Em meu livro Entre a Mão Invisível e o Leviatã: Contribuições Heterodoxas à Economia Brasileira (407 pág, Editora Didakt, disponível em estante virtual), lançado no fim de 2019, eu já defendia, em um dos capítulos, um novo PSI (Processo de Substituição de Importações), em itens e áreas estratégicas como saúde, química, petroquímica, defesa, equipamentos e softwares. Com a ‘coronacrise’, parece ser o momento ideal de o Brasil retomar essa estratégia, que nos levou a deixar de ser uma grande fazenda até 1930 para nos tornarmos uma das potências industriais ao fim dos anos de 1980. Isso, ressalvados todos os problemas de preço, qualidade, concorrência e baixa inovação.

Defendo um novo PSI no Brasil. ‘Novo’ porque a industrialização brasileira, entre 1930 e 1980, foi marcada por esse processo. O País fez ‘do limão a limonada’ com as crises na balança comercial: a cada crise, uma nova etapa do PSI impelia a troca de bens importados pela produção doméstica.

Primeiro (1930-1950), a substituição de importações de bens de consumo não duráveis (alimentos, calçados, vestuário etc) e de parte da produção de insumos básicos (matérias-primas). Depois, a substituição de importações de bens de consumo de consumo duráveis (1955-1974).

Por último (a partir de 1975), a substituição definitiva dos insumos básicos e de parte de bens de capital (não seriados). Mesmo com todos os problemas (qualidade, custo, competitividade, inovação), foi uma política exitosa. Passamos a ter uma estrutura industrial no lugar de um conjunto de grandes fazendas de café.

Desta vez, podemos fazer um PSI melhor. Não precisamos nem devemos fechar totalmente o mercado à competição e às cadeias globais de valor. Mas não podemos abdicar de um crescimento autônomo, que permita certa independência em relação aos ventos da economia internacional e às variações do dólar.

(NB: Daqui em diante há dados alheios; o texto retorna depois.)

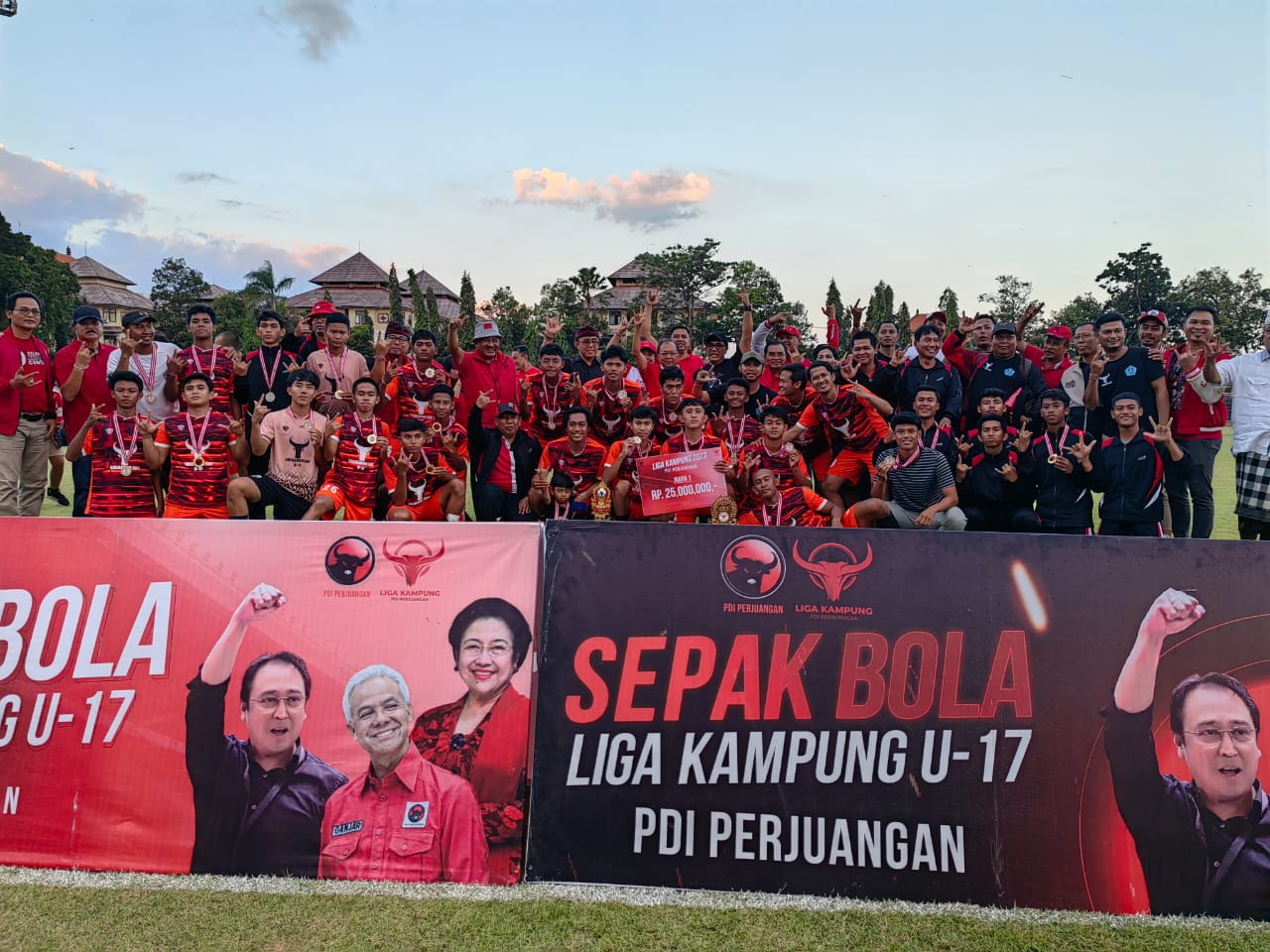 Penyerahan Piala Liga Kampung U-17 PDI Perjuangan ke Tim DPC Kota Denpasar disaksikan langsung oleh Anggota DPR RI Dapil Bali, I Made Urip, Sekretaris DPD PDIP Provinsi Bali, IGN Jaya Negara bersama jajarannya, Ketua DPC PDIP Kota Denpasar, I Gusti Ngurah Gede, Ketua DPC PDIP Kabupaten Tabanan, I Komang Gede Sanjaya, Ketua DPC PDIP Badung, I Nyoman Giri Prasta, Ketua DPC PDIP Karangasem, I Gede Dana, Sekretaris DPC PDIP Denpasar, Kadek Agus Arya Wibawa, Wakil Bupati Tabanan, I Made Edi Wirawan, Wakil Ketua DPC PDIP Tabanan, I Made Dirga, Sekretaris DPC PDIP Buleleng, Gede Supriatna serta puluhan ribu kader PDI Perjuangan bersama masyarakat Bali.

Novo, também, porque o PSI agora deve ser acompanhado das exportações como meta. Para isso, é necessário um elevado volume de importações. A corrente de comércio (exportações mais importações) precisa ser alta. Os saldos comerciais almejados devem ser crescentes e se transformar em objetivo. É essencial uma política industrial e de comércio exterior que, além de desvalorizar o câmbio, incentive a inovação e possibilite um sinal claro de que queremos incrementar as exportações.

O PSI deve ser meta de governo, em especial naqueles itens de maior valor agregado: itens da saúde, produtos químicos, eletroeletrônicos, novos materiais e softwares. É fundamental que programas ligados a investimentos em petróleo e gás, defesa, mobilidade, softwares, e saúde recoloquem com ênfase temas como índices de nacionalização crescentes.

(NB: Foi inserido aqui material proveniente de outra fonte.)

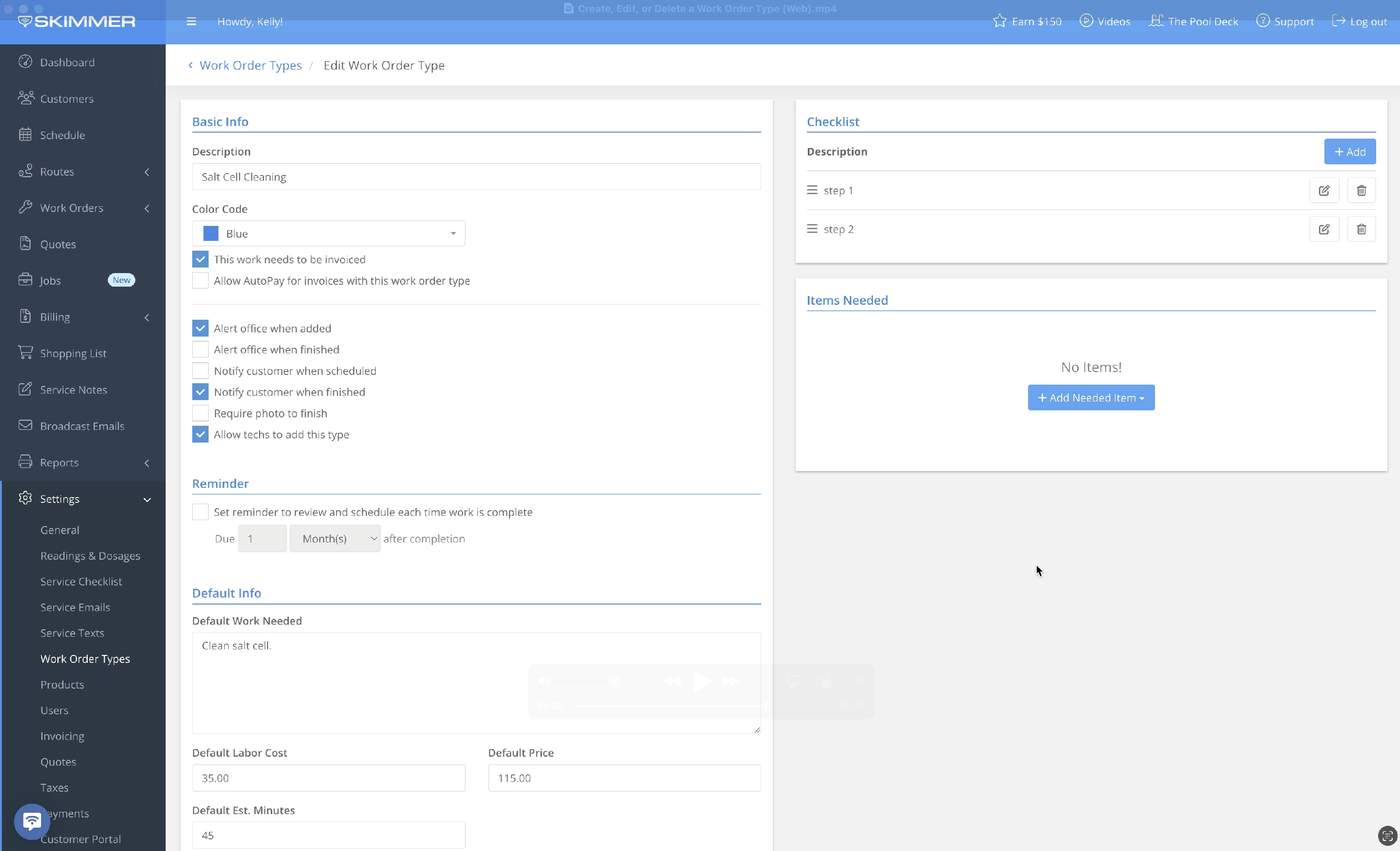 Choose how you want the completed work to appear on the invoices that Skimmer generates. Line Item Name will appear on the list of what’s being charged for, which you can leave blank if you just want to use the name of the work order type. Description will give the customer basic information about the completed job. If you want to include the exact date of service on the invoice, select that. You can also choose to use the default price, and set whether the price is taxable.

Esta obrigatoriedade deve ser complementada por ações que incentivem os empresários a buscarem a nacionalização: financiamento; desonerações tributárias; incorporação de tecnologias mais avançadas; inovação tecnológica; parcerias internacionais; qualificação profissional; garantia de encomendas governamentais, entre outras. O formato de APLs (Arranjos Produtivos Locais) parece ser adequado para este conjunto de ações.

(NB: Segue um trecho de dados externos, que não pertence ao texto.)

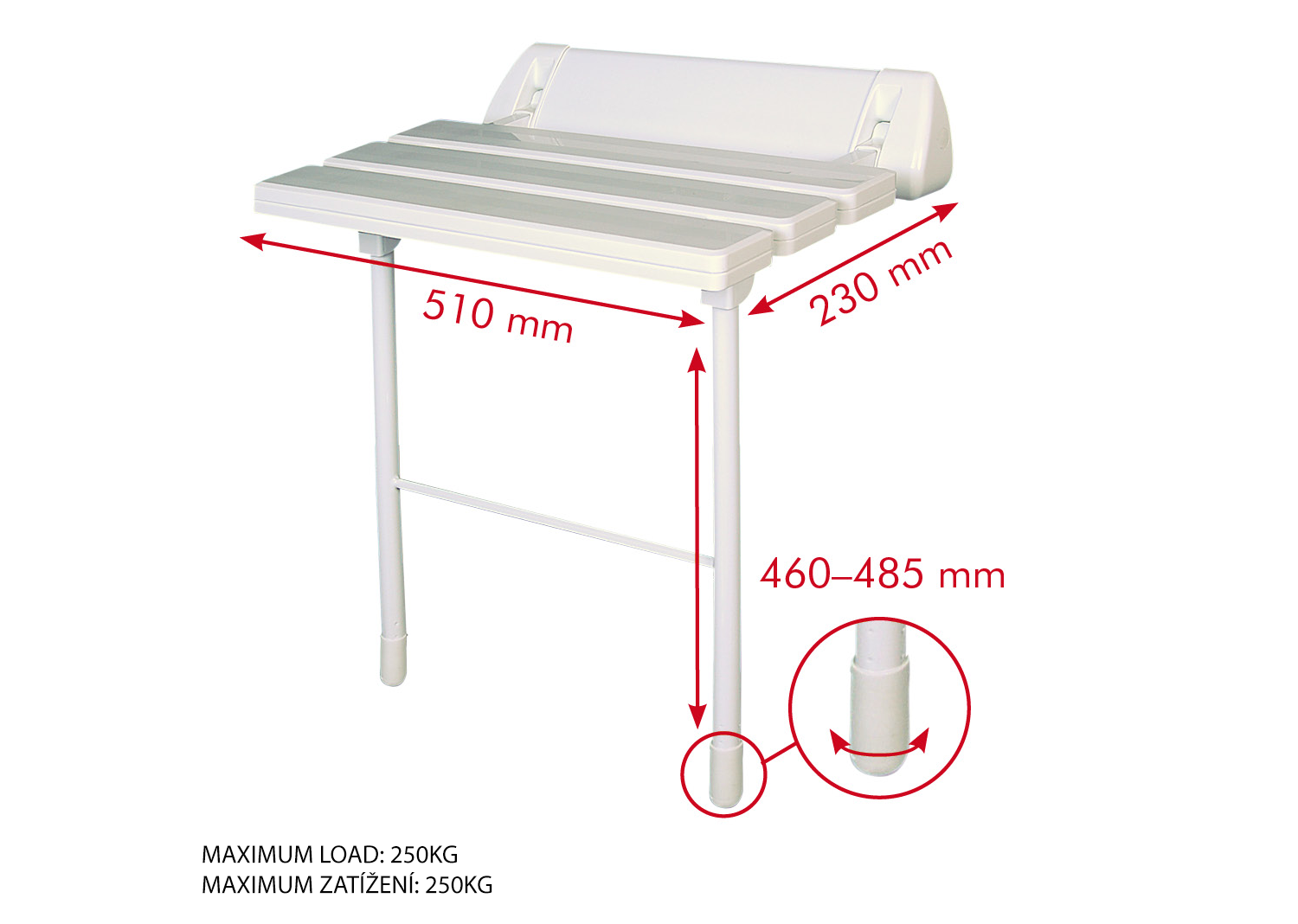 HANDICAP sklopné sedátko do sprchového koutu s podpěrou, 51x23cm, bílá

Um plano nacional de substituição de importações dessa natureza – no qual o Grande ABC pode buscar novamente ter papel protagonista – deveria se iniciar pela cadeia produtiva da saúde, de forma a produzir rapidamente os itens necessários ao combate ao coronavírus.

O PSI nas áreas de alta densidade tecnológica não é simples. É tarefa para décadas. É preciso começar.